身に覚えのない犯罪で自宅に警察が来る。実はこれに類する出来事は過去にも起きていた。12年には、マルウェアに感染し遠隔操作されたパソコンなどから、無差別殺人予告や幼稚園・小学校への襲撃予告が次々に送られた。無関係の4人が誤認逮捕される事件に発展している。
筆者も当時、事件の真相解明に向けてマルウェア解析などで捜査に協力しており、強く記憶に残っている。あのとき狙われたのはパソコンだった。今、同じ構図がパソコンの外にまで広がっている。
先の男性の自宅で乗っ取られていたのは、各家庭にある、インターネットにつなぐための「ルーター」だった。マルウェアと聞けば、パソコンやスマートフォンに感染するものを思い浮かべる人が多い。だが攻撃者が狙う対象は、いまやパソコンだけにとどまらない。
家庭やオフィスの「ネットにつながる機器」そのものを乗っ取る攻撃が、ひそかに数を増やしている。ルーター、防犯カメラ、録画機、テレビに挿す小さな端末。まとめて「IoT」(Internet of Things=モノのインターネット)機器と呼ばれるこれらは、今ではどの家庭にもいくつかはあるだろう。
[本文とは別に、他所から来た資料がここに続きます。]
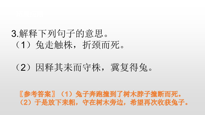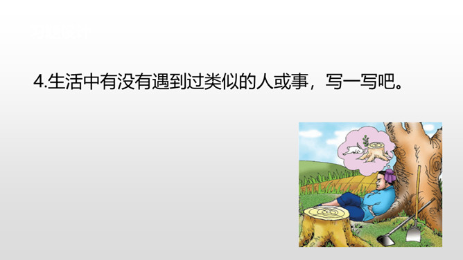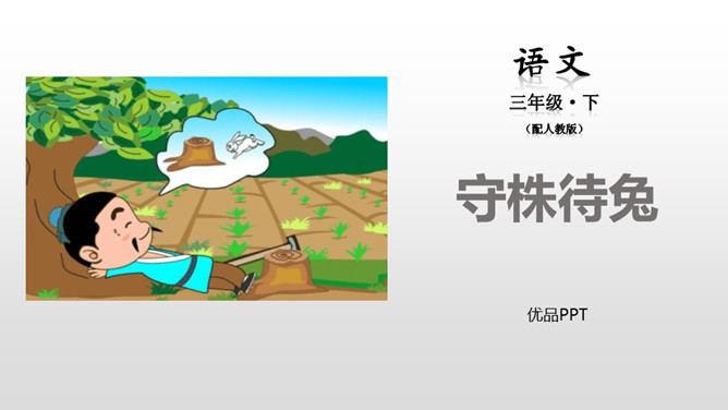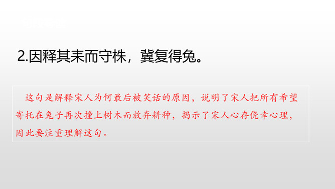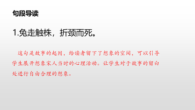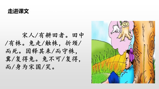 学生自由读课文。1.借助拼音,读通课文。2.注意停顿和断句。这句是故事的起因,给读者留下了想象的空间,可以引导学生展开想象宋人当时的心理活动。让学生对于故事的留白处进行自由合理的想象。这句是解释宋人为何最后被笑话的原因,说明了宋人把所有希望寄托在兔子再次撞上树木而放弃耕种,揭示了宋人心存侥幸心理,因此要注重理解这句。生活中有没有遇到过类似的人或事,写一写吧。所属专题:守株待兔ppt。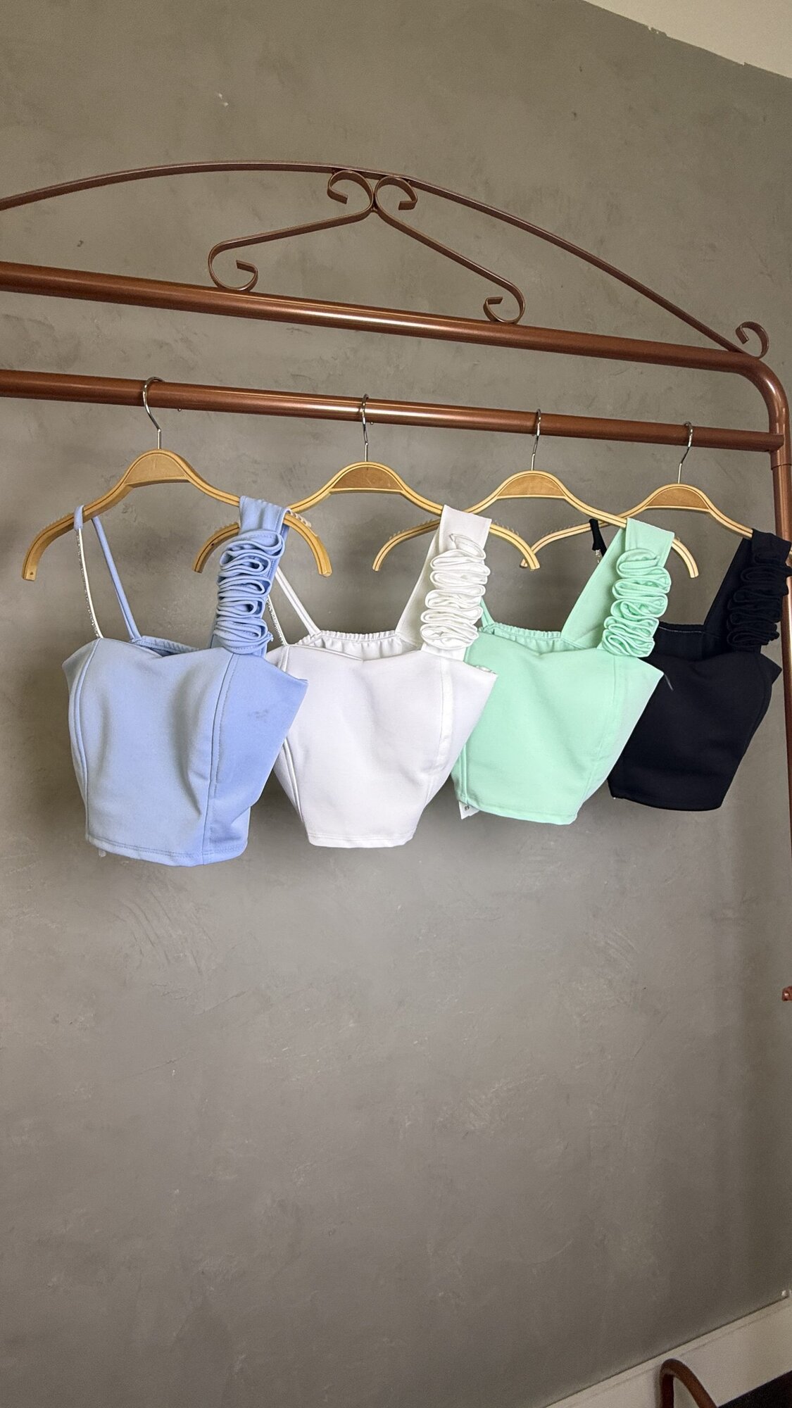 Esse top é a escolha perfeita para composições modernas e cheias de estilo. Com modelagem ajustada ao corpo, ele valoriza a silhueta e garante conforto durante o uso. O destaque fica por conta da alça larga com detalhe franzido, que traz um toque fashionista e sofisticado à peça. Versátil, pode ser usado em looks casuais ou como base para produções mais elaboradas.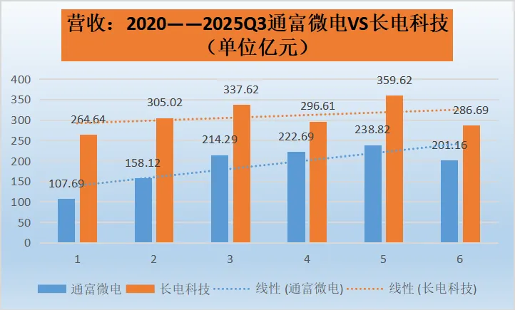 在2020 - 2025年第三季度期间,长电科技的营收规模整体大于通富微电。这表明长电科技在集成电路封测行业的市场份额相对较大,业务基础更为雄厚,可能在客户资源、生产规模等方面具有一定优势。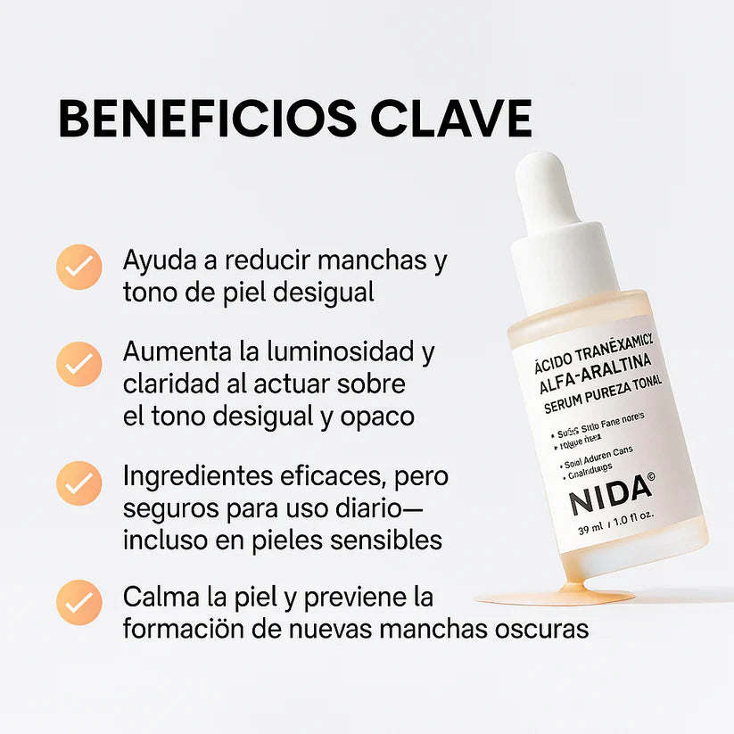 NIDA® Serum trabaja para restaurar el equilibrio natural de la piel desde el primer uso. Su fórmula de grado clínico regula el exceso de sebo, hidrata en profundidad y refina la textura sin dejar sensación grasa.

攻撃の対象は意外なところにまで広がっている。海外では、カジノに置かれた水槽のスマート温度計がハッキングされ、そこを足がかりに顧客データが盗まれた例がある。大学のキャンパスでは、感染した自動販売機やスマート電球が大量の通信を発生させ、学内のインターネットを麻痺させた。
冷蔵庫がスパムメールの発信源になっていたと一部のセキュリティベンダーから報告された例もある。「こんなものまで」と思うような機器が、現にサイバー攻撃に巻き込まれてきた。
◎「こんなものまで?」サイバー攻撃の踏み台やターゲットとなったIoT機器の事例
IoT機器が踏み台や侵入口にされた事例を中心に抜粋。機器自体が直接被害を受けた事例や検証も一部含めた。無防備な機器は被害を受けるだけでなく、踏み台にもされうる(画像:筆者提供)
被害は機器の乗っ取りだけにとどまらない。防犯カメラや見守りカメラの映像がインターネットから覗かれる問題は何年も前から繰り返し報告されており、今この瞬間も多数のカメラが丸見えのまま放置されているとみられる。
25年のある調査では、外部からアクセスできる状態のカメラが国内だけで数千台見つかった。保育園で園児が着替える姿や、自宅のリビングの映像まで含まれていたケースも報じられている。原因はパスワード未設定や公開設定の誤りなど、いずれも入り口が開けっ放しだったことにある。こうした脆弱な機器は、映像を見られるだけでなく攻撃の踏み台にもされうる。
なぜ狙われ、なぜ気づけないのか
IoT機器が狙われるようになった背景には、複数の事情が重なっている。パソコンやスマートフォンの守りは、この十数年で格段に固くなった。一方で、ネットワーク環境は家庭の隅々にまで行き渡り、インターネットにつながる機器の数そのものが爆発的に増えた。攻撃者の目には、守りが手薄なまま大量に放置された機器の群れが映っている。